Physiology and effects of nucleosides in mice lacking all four adenosine receptors.
Cuiying XiaoNaili LiuKenneth A JacobsonOksana GavrilovaMarc L ReitmanPublished in: PLoS biology (2019)
Adenosine is a constituent of many molecules of life; increased free extracellular adenosine indicates cell damage or metabolic stress. The importance of adenosine signaling in basal physiology, as opposed to adaptive responses to danger/damage situations, is unclear. We generated mice lacking all four adenosine receptors (ARs), Adora1-/-;Adora2a-/-;Adora2b-/-;Adora3-/- (quad knockout [QKO]), to enable investigation of the AR dependence of physiologic processes, focusing on body temperature.
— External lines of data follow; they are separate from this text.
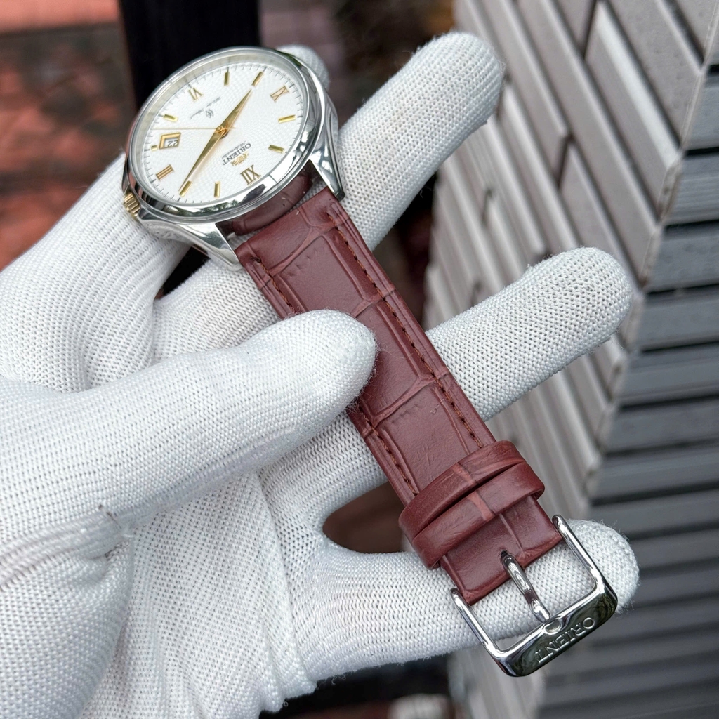 Orient SER1U001W0 có mặt số trắng họa tiết guilloché tinh tế, kim và cọc số vàng nổi bật, ô lịch ngày góc 3 giờ thanh lịch. Vỏ thép không gỉ sáng bóng, núm viền vàng đồng điệu, kính sapphire cổ điển. Dây da nâu sang trọng, chống nước 50m, phù hợp phong cách lịch lãm, tinh tế trong môi trường công sở hoặc dạo phố.
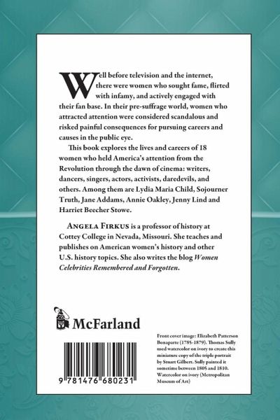 Well before television and the internet, there were women who sought fame, flirted with infamy, and actively engaged with their fan base. In today's pop culture world, it can be hard to understand what the lives of these women were like. In their pre-suffrage world, women who attracted attention were considered scandalous and it was largely uncommon for women to become celebrities. Women who rose to fame in those times had to put up with societal standards for women on top of the lack of privacy and free speech. This book provides the details and context to let us know the women who captured America's heart in the 19th century. Rather than looking at influential women who strictly avoided notoriety, it covers the lives of 18 celebrities like Lydia Maria Child, Sojourner Truth, and Jane Addams.
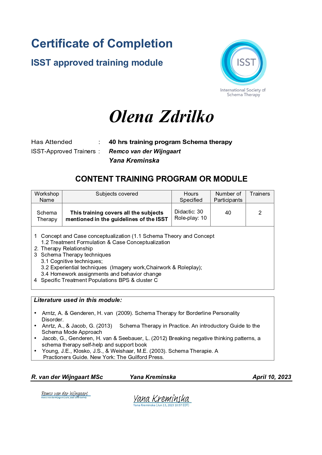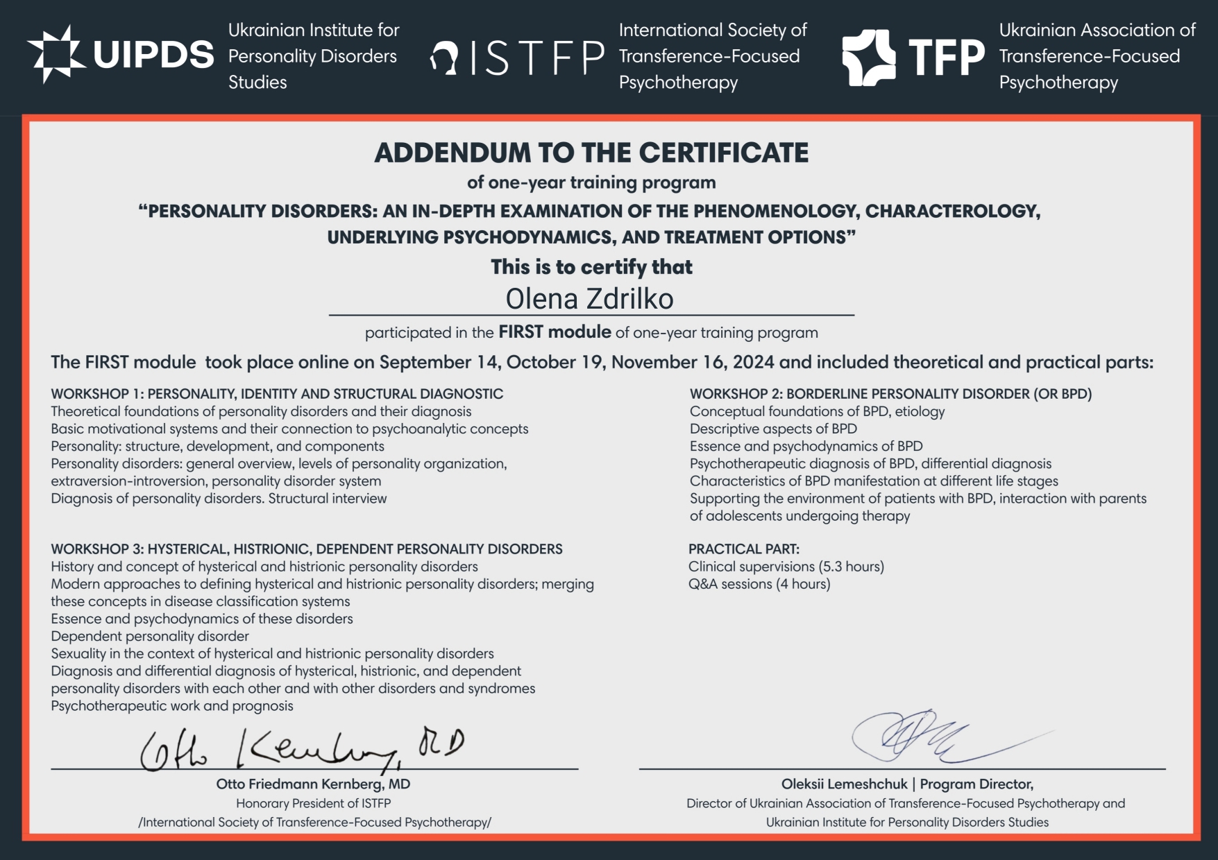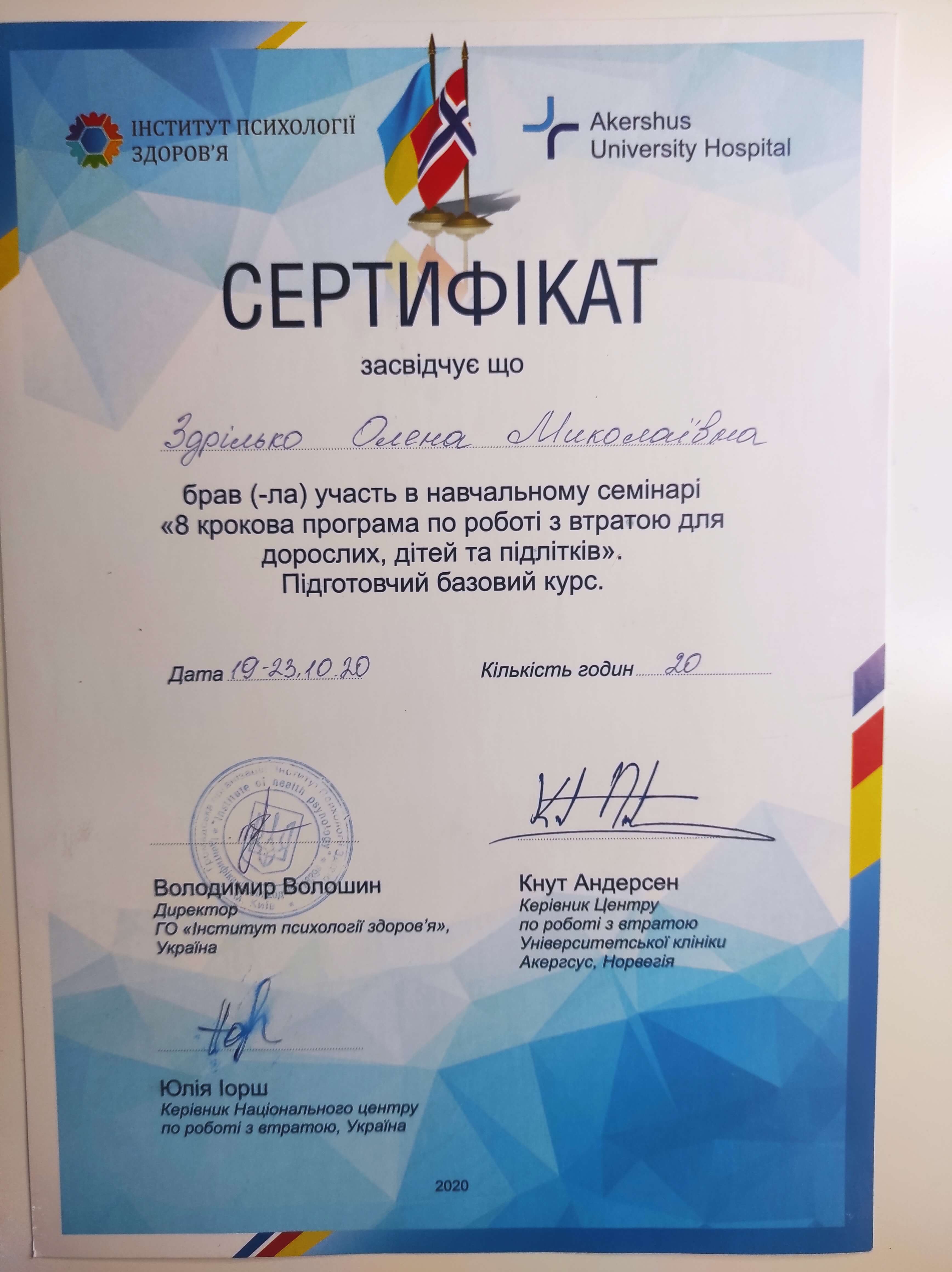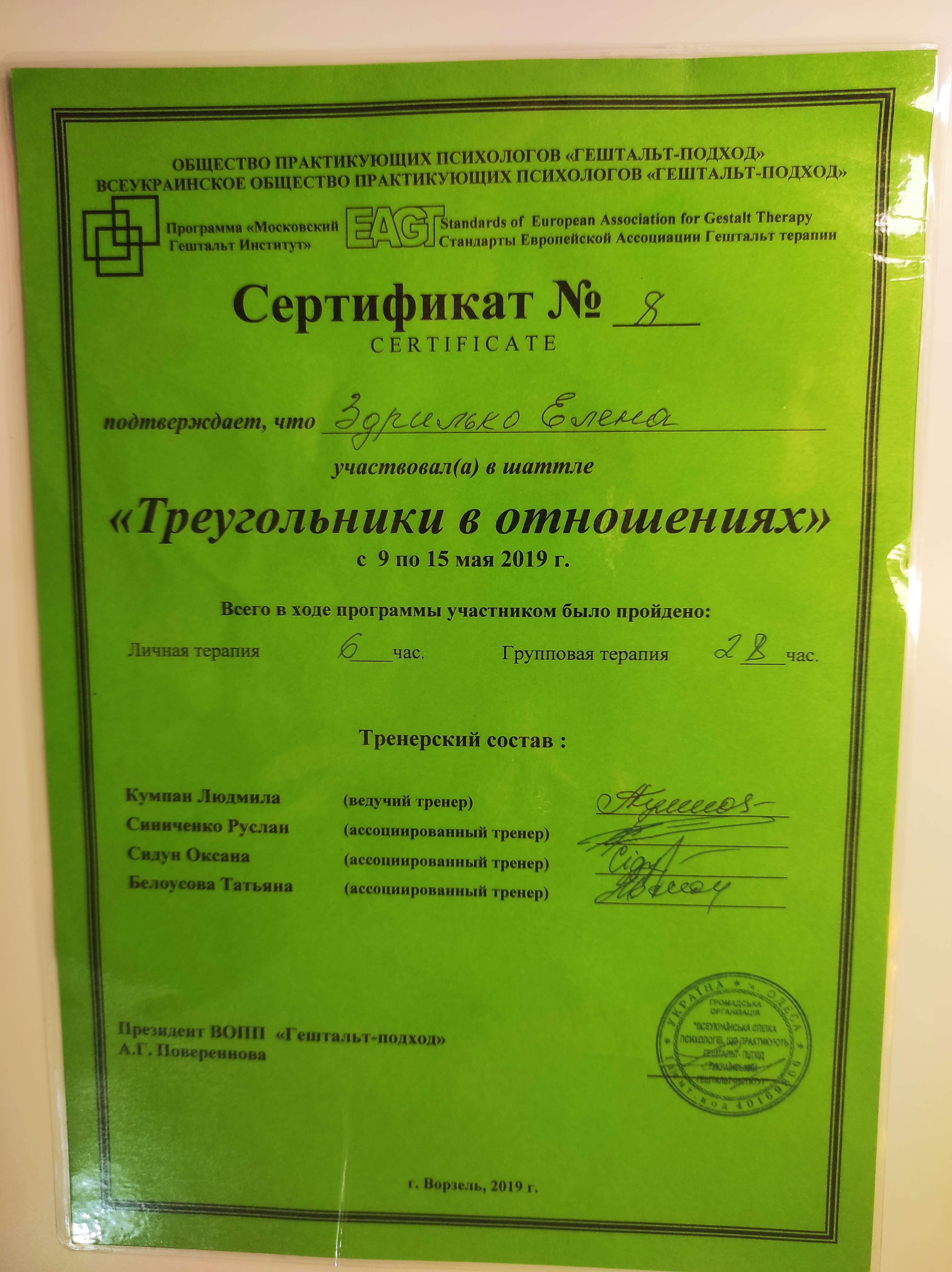 В процесі навчання в Норвезькому Гештальт Інституті 3 сходинка
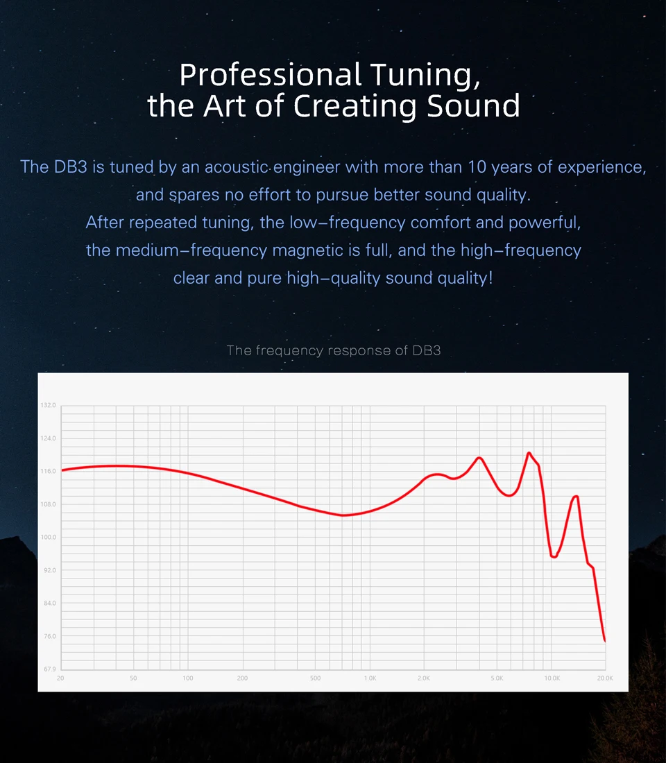 NiceHCK DB3 использует тройную настройку драйвера с одним сбалансированным приводом и двойным динамическим драйвером. С каждым драйвером, регулирующим определенный частотный диапазон, вы сможете наслаждаться более детальным музыкальным опытом, с хорошим разделением инструмента и живой звуковой подписью.
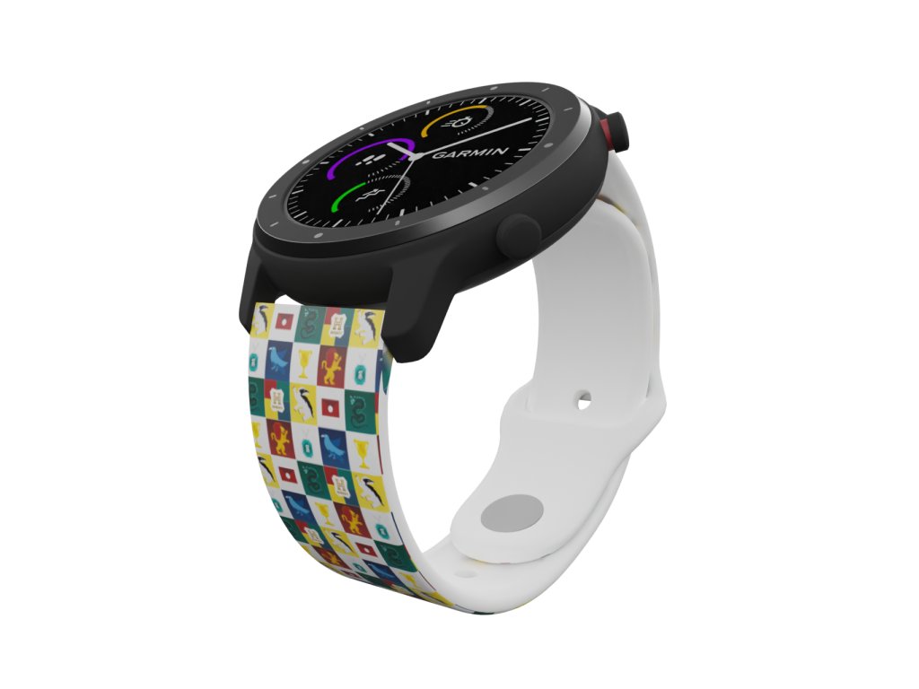 Bílý náhradní řemínek se symboly a maskoty všech kolejí Bradavické školy čar a kouzel. Nebelvír, Havraspár, Mrzimor a Zmijozel. Každá z kolejí v Bradavicích má svého vlastního maskota, který symbolizuje vlastnosti a hodnoty, které jsou důležité pro danou kolej. Lev, Orel, Had a Jezevec.
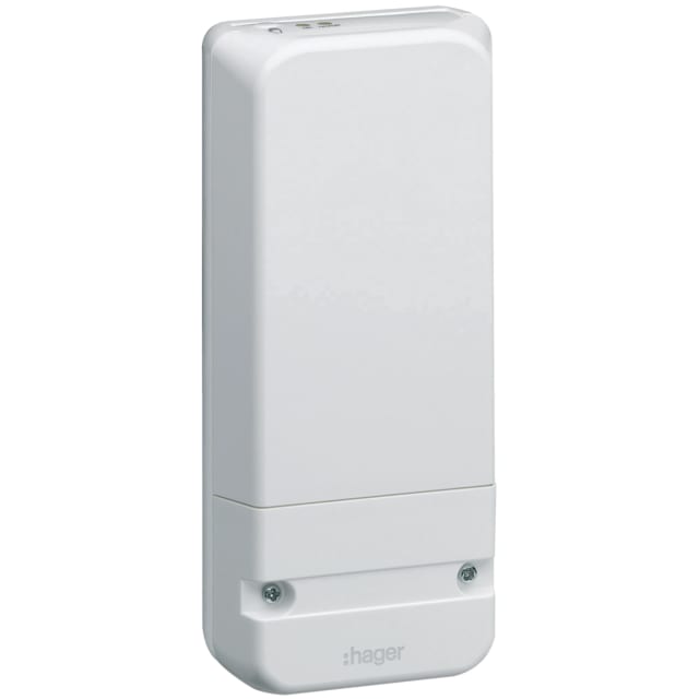 Le boîtier, en PC‑ABS de couleur blanche, mesure 130 mm de hauteur, 60 mm de largeur et 27 mm de profondeur. Ce format discret facilite l’intégration dans un tableau ou un local technique près du compteur Linky. Le choix du PC‑ABS apporte robustesse et stabilité, tandis que la finition blanche s’harmonise avec les appareillages électriques HAGER et l’environnement résidentiel.
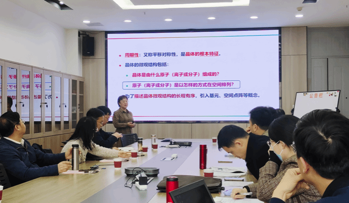 黄云霞副教授以《固体物理》课程中的“晶体的微观结构”内容为例,通过课程引入、知识点讲解、例题、小结等环节,向学院教师详细展示了本节次课程的教学过程。黄老师在如何引入知识点,激发学生的学习兴趣;如何讲解重点难点,帮助学生理解掌握知识;如何组织课堂互动,引导学生积极思考等方面进行了系统的讲解,助力青年教师站稳站好讲台。
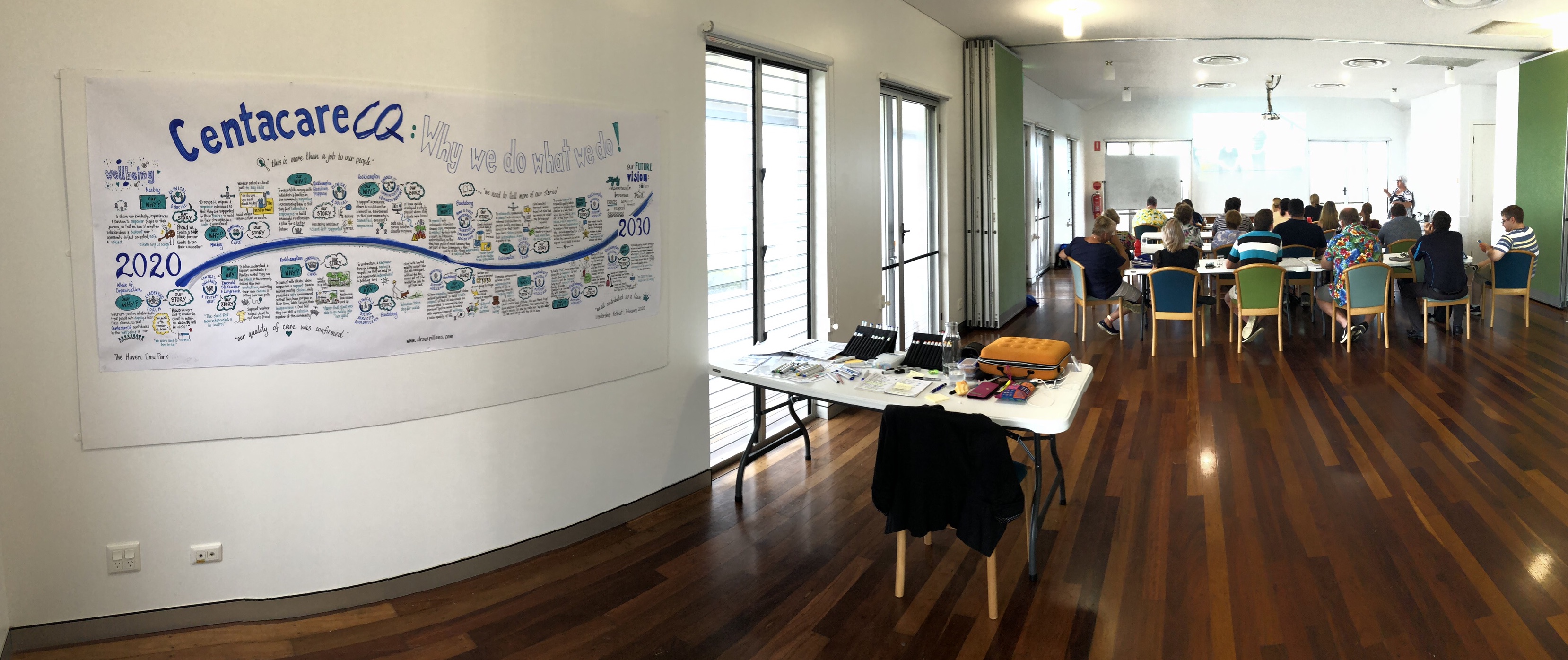 - Set up in the room – in a comfortable position where I can both hear and see the presentations; noting I can be on my feet for up to 10 hours a day as a graphic recorder
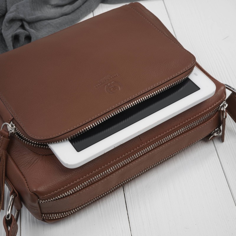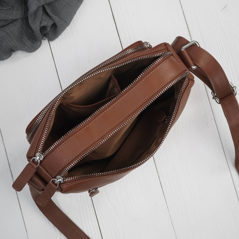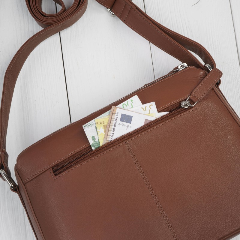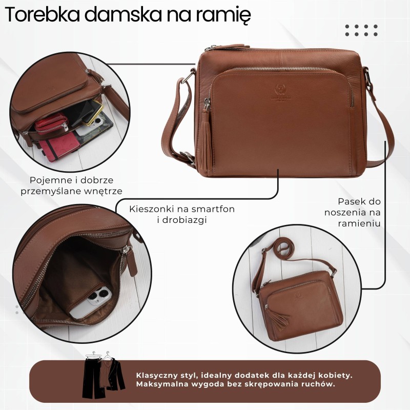 Wykonana z wysokiej jakości naturalnej skóry w szlachetnym koniakowym kolorze, który dodaje ciepła, wyrafinowania i klasy każdej stylizacji, jednocześnie podkreślając jej ponadczasowy charakter. Model ten łączy funkcjonalność z elegancją – idealny dla kobiet ceniących klasyczne dodatki z nutą nowoczesności.
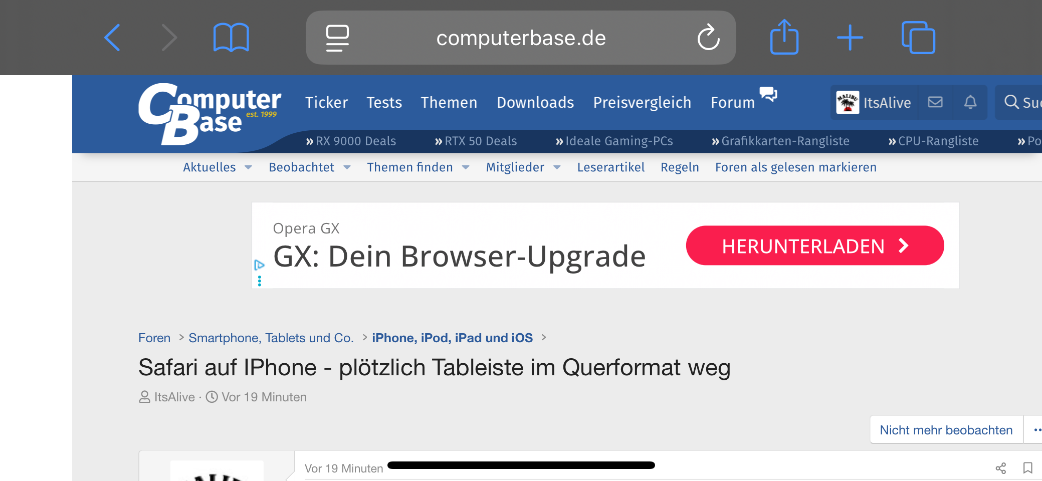 Komme von Android und Opera, weshalb mir wahscheinlich beim IPhone noch etwas die Intuition für das System fehlt.
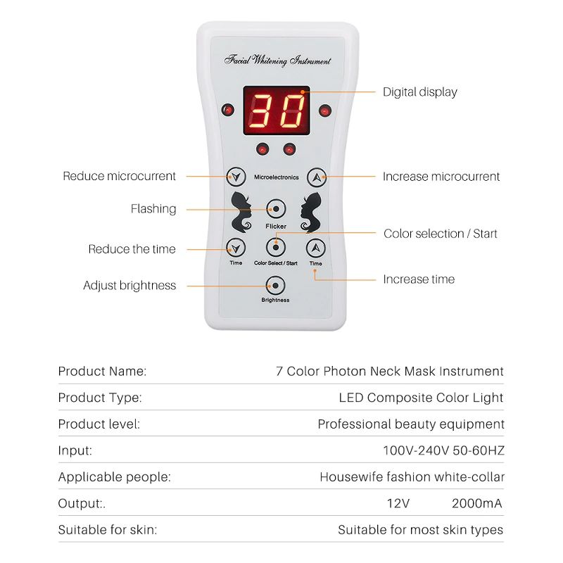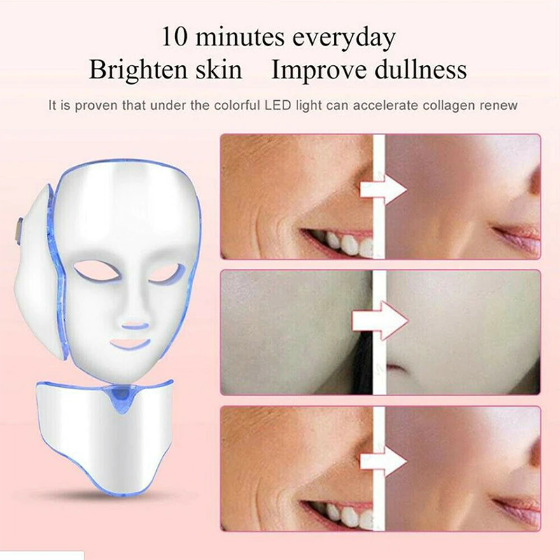 7 ألوان Led قناع الوجه مع الرقبة تجديد الجلد مكافحة حب الشباب التجاعيد علاج تجميلي العلاج الفوتون الكورية صالون المنزل
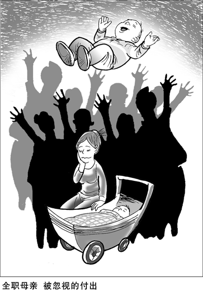 记者经过一段时间调查发现,由于我们的家庭、社区文化、早教机构及心理援助机构的建设还处在幼稚阶段,因而,对于全职妈妈渴望得到援助的心理需求表现出无能为力,这部分人群的阶段性心理困惑,值得有关部门关注。

The QKO mice demonstrate that ARs are not required for growth, metabolism, breeding, and body temperature regulation (diurnal variation, response to stress, and torpor). However, the mice showed decreased survival starting at about 15 weeks of age. While adenosine agonists cause profound hypothermia via each AR, adenosine did not cause hypothermia (or bradycardia or hypotension) in QKO mice, indicating that AR-independent signals do not contribute to adenosine-induced hypothermia. The hypothermia elicited by adenosine kinase inhibition (with A134974), inosine, or uridine also required ARs, as each was abolished in the QKO mice. The proposed mechanism for uridine-induced hypothermia is inhibition of adenosine transport by uridine, increasing local extracellular adenosine levels. In contrast, adenosine 5'-monophosphate (AMP)-induced hypothermia was attenuated in QKO mice, demonstrating roles for both AR-dependent and AR-independent mechanisms in this process. The physiology of the QKO mice appears to be the sum of the individual knockout mice, without clear evidence for synergy, indicating that the actions of the four ARs are generally complementary. The phenotype of the QKO mice suggests that, while extracellular adenosine is a signal of stress, damage, and/or danger, it is less important for baseline regulation of body temperature.